**Excerpted data:**
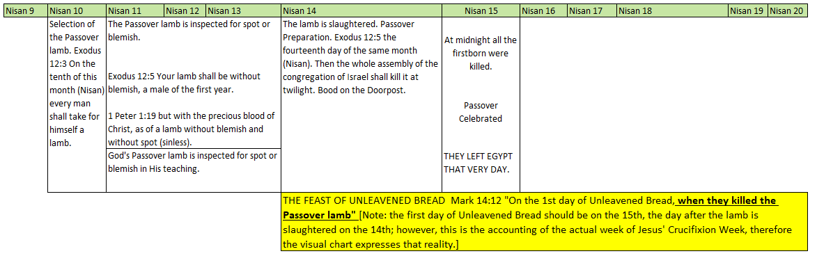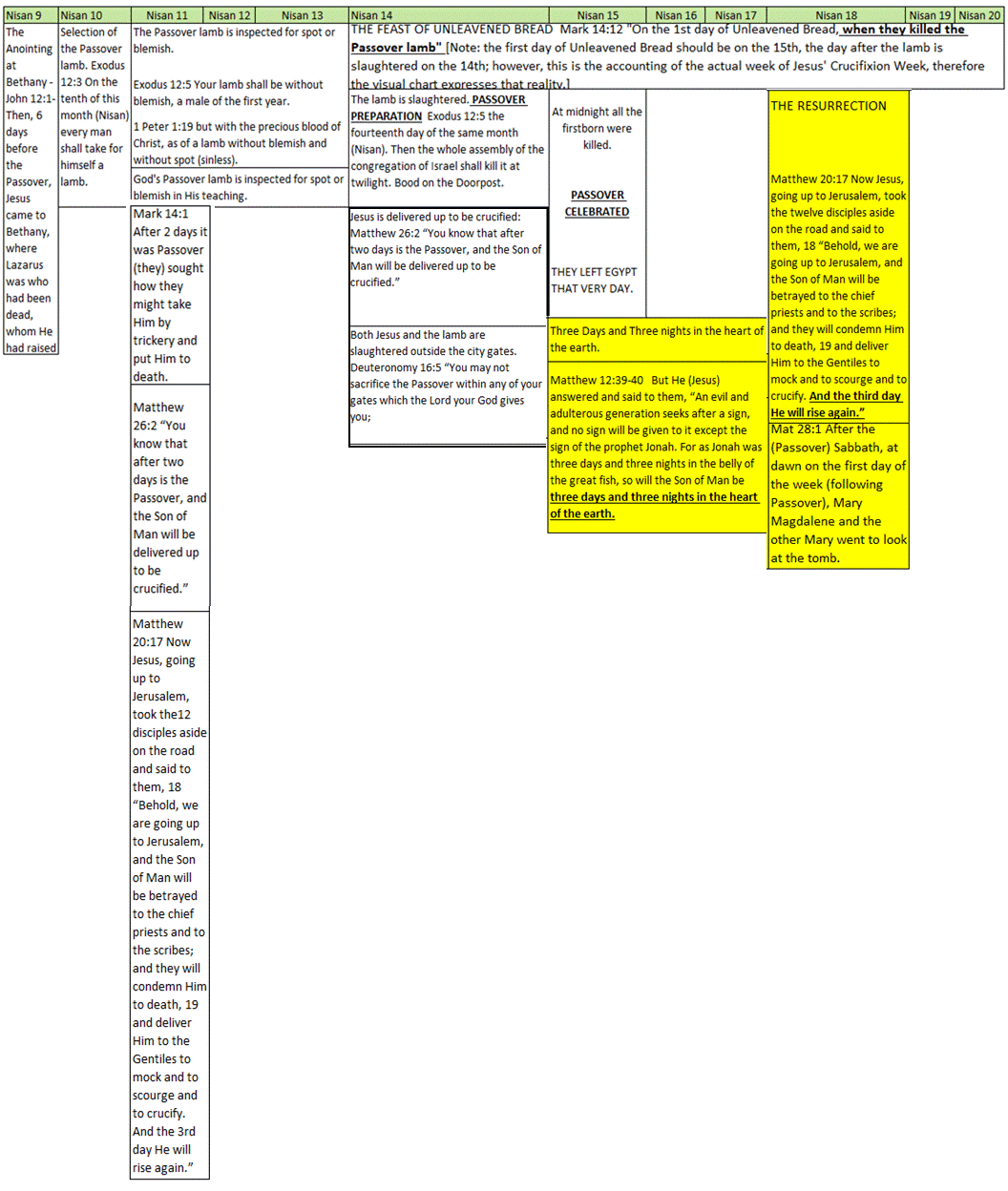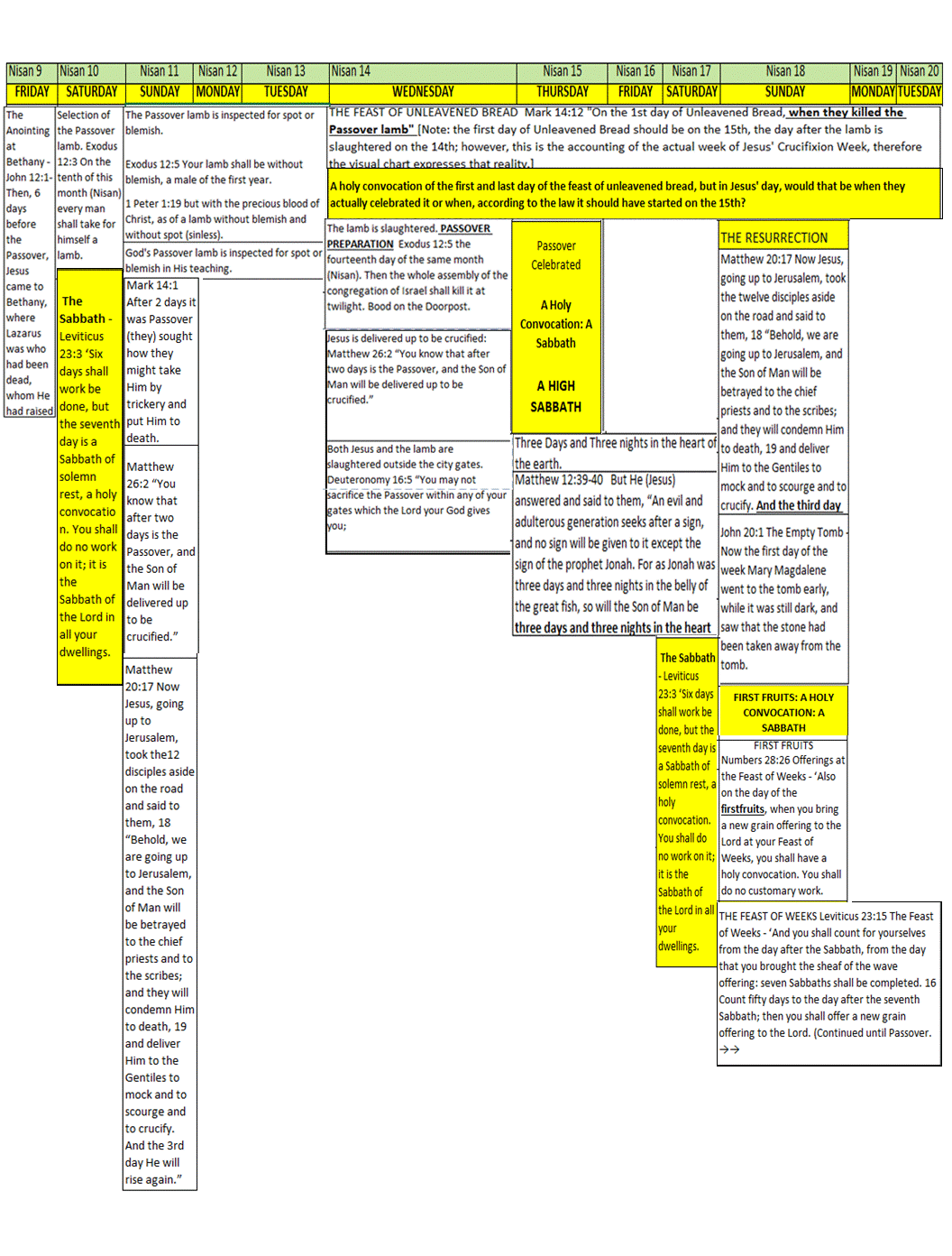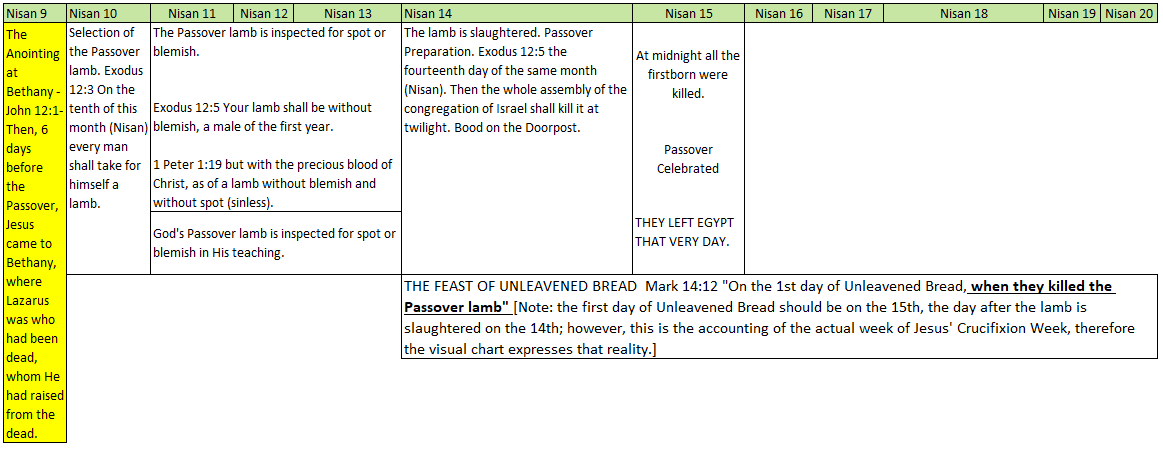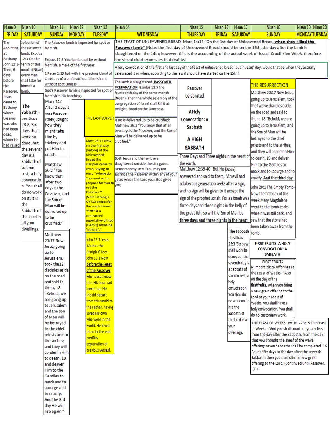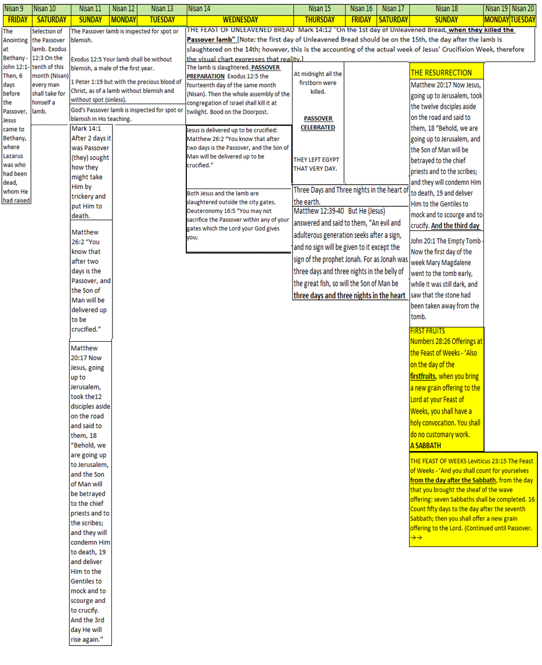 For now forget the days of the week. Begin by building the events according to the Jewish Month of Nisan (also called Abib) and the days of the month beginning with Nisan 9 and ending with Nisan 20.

---

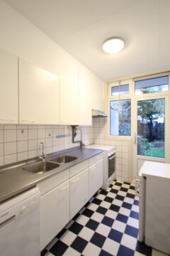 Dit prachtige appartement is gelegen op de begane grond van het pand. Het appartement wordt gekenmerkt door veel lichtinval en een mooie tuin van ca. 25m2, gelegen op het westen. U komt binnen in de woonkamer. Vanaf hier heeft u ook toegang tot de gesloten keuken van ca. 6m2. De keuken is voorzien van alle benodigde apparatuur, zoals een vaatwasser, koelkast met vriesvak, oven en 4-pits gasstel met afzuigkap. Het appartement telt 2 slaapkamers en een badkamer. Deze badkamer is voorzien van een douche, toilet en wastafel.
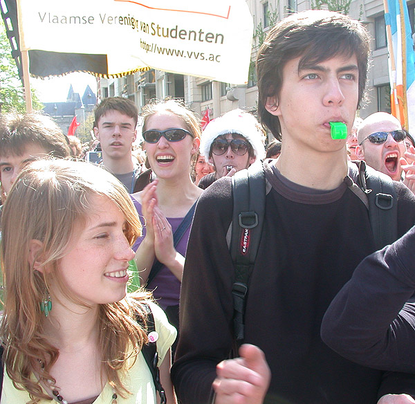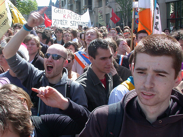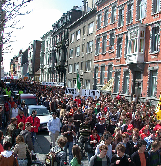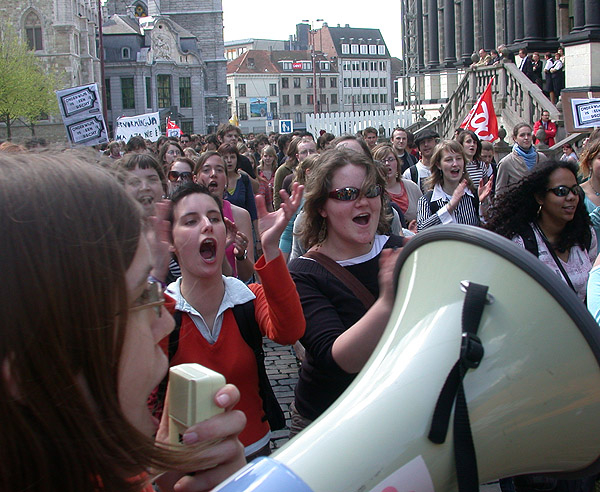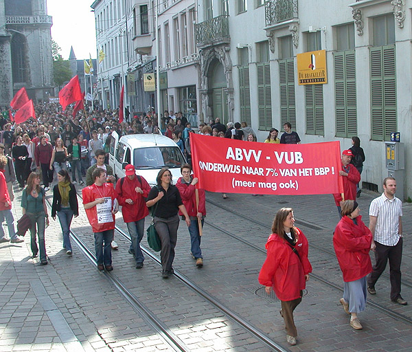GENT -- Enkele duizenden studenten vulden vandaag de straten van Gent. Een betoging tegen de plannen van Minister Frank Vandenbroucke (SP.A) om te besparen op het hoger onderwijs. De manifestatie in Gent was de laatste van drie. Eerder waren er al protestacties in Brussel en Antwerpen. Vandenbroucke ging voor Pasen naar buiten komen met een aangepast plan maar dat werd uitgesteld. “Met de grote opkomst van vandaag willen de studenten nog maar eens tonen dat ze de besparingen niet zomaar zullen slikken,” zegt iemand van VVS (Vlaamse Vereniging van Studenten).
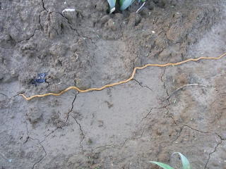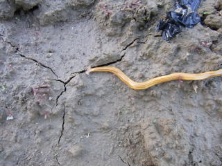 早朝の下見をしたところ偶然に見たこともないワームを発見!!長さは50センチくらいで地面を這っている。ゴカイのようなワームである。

**What is being asked:** Nothing but the lines above, starting at the line that contains "GENT -- Enkele" and ending at the line that contains "早朝の下見をしたところ偶然に", should be given again, exactly and without the pictures.

**Written answer:**
GENT -- Enkele duizenden studenten vulden vandaag de straten van Gent. Een betoging tegen de plannen van Minister Frank Vandenbroucke (SP.A) om te besparen op het hoger onderwijs. De manifestatie in Gent was de laatste van drie. Eerder waren er al protestacties in Brussel en Antwerpen. Vandenbroucke ging voor Pasen naar buiten komen met een aangepast plan maar dat werd uitgesteld. “Met de grote opkomst van vandaag willen de studenten nog maar eens tonen dat ze de besparingen niet zomaar zullen slikken,” zegt iemand van VVS (Vlaamse Vereniging van Studenten).
 早朝の下見をしたところ偶然に見たこともないワームを発見!!長さは50センチくらいで地面を這っている。ゴカイのようなワームである。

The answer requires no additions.